Contrast that with what is happening in Congress: While the mayoral candidates were quiet on the Israel-Hamas conflict, Democrats were growing increasingly impatient with the violence and more willing to criticize Israel.
And its not just the far left: Pro-Israel stalwart Rep. Jerry Nadler, whose Upper West Side district is considered the most Jewish in the country, joined 11 Jewish colleagues in the House on a letter urging an “immediate ceasefire.” Sen. Jon Ossoff, the Jewish freshman from Georgia, led a call by 28 Democrats in the Senate for a ceasefire. Gregory Meeks, the Queens congressman who chairs the House Foreign Affairs Committee, came close to asking for a delay in an arms deal between the U.S. and Israel.
Perhaps the candidates are wary of alienating Jewish voters on either side of the Israel divide, especially this close to the primary.
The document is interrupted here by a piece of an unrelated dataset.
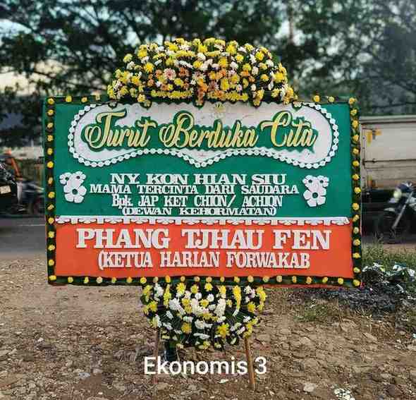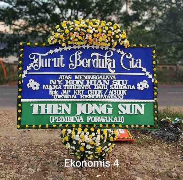 - Isi Papan: Ucapan “Turut Berduka Cita” + Nama Pengirim

Or they sense that the Jewish community itself is split on the latest clash in Israel.
But in an increasingly diverse city, the decline of non-Orthodox Jewish ethnic clout is undoubtedly a factor: In a 2012 article noting that there were no Jews running for mayor that year, The New York Times reported that the Jewish proportion of the citywide primary electorate had declined to 20% from twice that in the 1950s and ’60s. That’s why only the Orthodox, with their closely aligned self-interests, crowded precincts and bloc voting, arouse much attention from candidates seeking specifically Jewish votes.
(Why, you may ask, are Orthodox voters significant in a Democratic primary when, according to Pew, some 75% of the community votes Republican? Because the next mayor of New York is almost guaranteed to be a Democrat, and the community wants to be heard in City Hall.)
Pew says “these generational shifts toward both Orthodoxy and secular Jewishness have the potential, in time, to reshape American Jewry.” I’d say the time is already here.